Africanistan
La déferlante islamiste qui a succédé aux révoltes arabes pourrait ne pas surprendre dans une région travaillée par le démon de l’orthodoxie et soumise à l’influence des Frères musulmans depuis près d’un demi-siècle. Mais tel n’est pas le cas de l’Afrique subsaharienne, dont les coutumes millénaires et l’islam confrérique ont servi jusqu’ici de rempart contre l’idéologie intégriste. Hélas, ce qui se passe actuellement dans le nord du Mali n’augure pas le meilleur pour le sud du continent. Les soldats d’Aqmi (Al-Qaïda au Maghreb islamique), rejoints par des rebelles extrémistes, jurent de laver l’Afrique de ses « hérésies » et de la mettre sur le droit chemin de l’islam. Ils oublient que les premières conquêtes musulmanes n’ont été victorieuses que grâce au respect des coutumes locales et des richesses culturelles des terres convoitées. Mais les djihadistes des temps modernes, au panache factice et à l’intolérance chevillée au corps, n’ont rien des compagnons du Prophète.
Au Mali, où l’urgence consiste à endiguer la pauvreté, l’analphabétisme et la sécheresse, ces don Quichotte en djellaba ont choisi de commencer par la tournée des bars, avec pour divine mission la destruction des réserves d’alcool. Sur les écrans de télévision du monde entier, ils ont brandi en guise de trophées des bouteilles de bière qu’ils ont cassées aux cris d’« Allah Akbar ! ». Quelle prouesse ! Quel héroïsme ! Après quoi ils ont réitéré l’exploit des talibans – qui avaient commis l’infâme en détruisant les bouddhas de Bamiyan -, s’en prenant aux statuettes de divinités africaines millénaires. Puis ce fut le tour des amulettes et des grigris, avant la profanation des tombes et des mausolées.
Purificateurs
Les djihadistes ne cessent de prôner l’esthétique de la laideur et la culture de la mort.
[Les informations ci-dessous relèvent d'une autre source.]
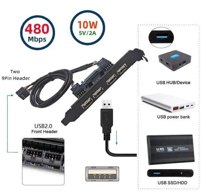 With this cable, you can directly connector motherboard 9pin socket, converted to USB 2.0 socket. Cable length 30cm, With 12cm length standard PCI-E bracket.
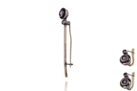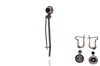 Parure composta da paio di orecchini con pendenti staccabili, spilla, realizzati in oro giallo 750, parti in argento, diamanti taglio vecchio ct 0,35 totali circa, colore I-K, purezza VS-SI, chiusura a monachina, difetti - Grammi 9,00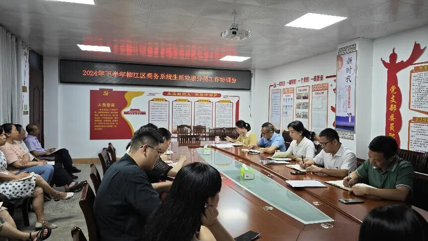 近日,柳江区商务局隆重召开了2024年下半年管辖行业生活垃圾分类工作协调会议,会议紧密围绕本年度垃圾分类工作的核心任务展开,旨在提升行业垃圾分类成效,推动垃圾分类工作向高质量发展迈进。会上,与会人员深入探讨了当前存在的问题,积极寻找差距,共同谋划了切实有效的应对措施。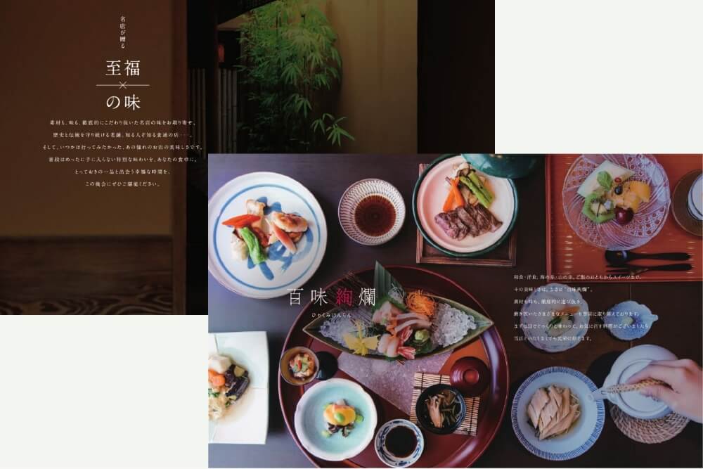 人気有名店から産地直送品まで、日本全国から選び抜いた極上の美味しさをお届けするカタログギフトです。各地の名物料理・海の幸・山の幸・憧れの名店老舗の味など、彩り豊かな味わいで贅沢なおもてなしをいたします。ブランドの食への真摯な想いが詰まった「ブランド特集」、素材や味を徹底的に磨き抜いたメニューを紹介する「百味絢爛」、伝統を守り続ける憧れの味「名店特集」など、お品書きを見るように選べる、”選ぶ楽しさ”が詰まったカタログギフトです。

Rien n’empêche désormais ces purificateurs de brûler les manuscrits de Tombouctou, qu’ils jugeraient « hérétiques ». Et pourquoi pas remplacer le bambara et le songhaï par l’arabe ? Pourquoi pas sortir de la tête des enfants les contes de griots et interdire les palabres sous prétexte qu’elles brouilleraient le message de la charia ? Entre-temps, les salafistes s’emploieraient à couvrir les Africaines de la tête au pied. Enfermez-moi donc toutes ces graines du diable qui s’obstinent à se faire de jolies nattes et à gambader comme des gazelles ! Brûlez-moi ces tissus en bogolan et ces boubous en basin. La musique ? La voix du muezzin remplacera la kora et le n’goni. Fêter les récoltes au pas du soumou ? Vous plaisantez ? Les danses masquées ? Vous savez bien que le seul masque qui vous sied est le tchador !
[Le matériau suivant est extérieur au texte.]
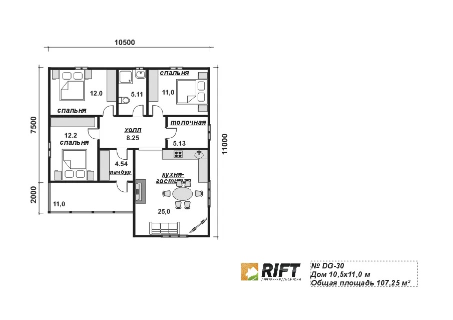 Каркасный дом DG30 — функциональный проект площадью 107 м² с размерами 10,5×11 м. Подходит для семейного проживания. Срок строительства — 45 дней. Доступны базовая и премиум комплектации с возможностью установки свайно-винтового фундамента, утепления и подключения коммуникаций. Предусмотрена поэтапная оплата, ипотека и использование материнского капитала. Бесплатная доставка стройматериалов до 100 км.

Ainsi serait l’Afrique d’Aqmi et d’Ansar Eddine – dont le nom signifie « défenseurs de la religion », mais qui, en réalité, en sont les pires détracteurs. Plutôt que de se souvenir, comme le clame l’adage, que « Dieu est beau et aime la beauté », les djihadistes ne cessent de prôner l’esthétique de la laideur et la culture de la mort. Alors, le jour où l’Afrique sera l’Africanistan, on y perdra non seulement l’âme du continent mais la mémoire du monde. Et l’on parlera, à raison, du plus grand crime contre l’humanité.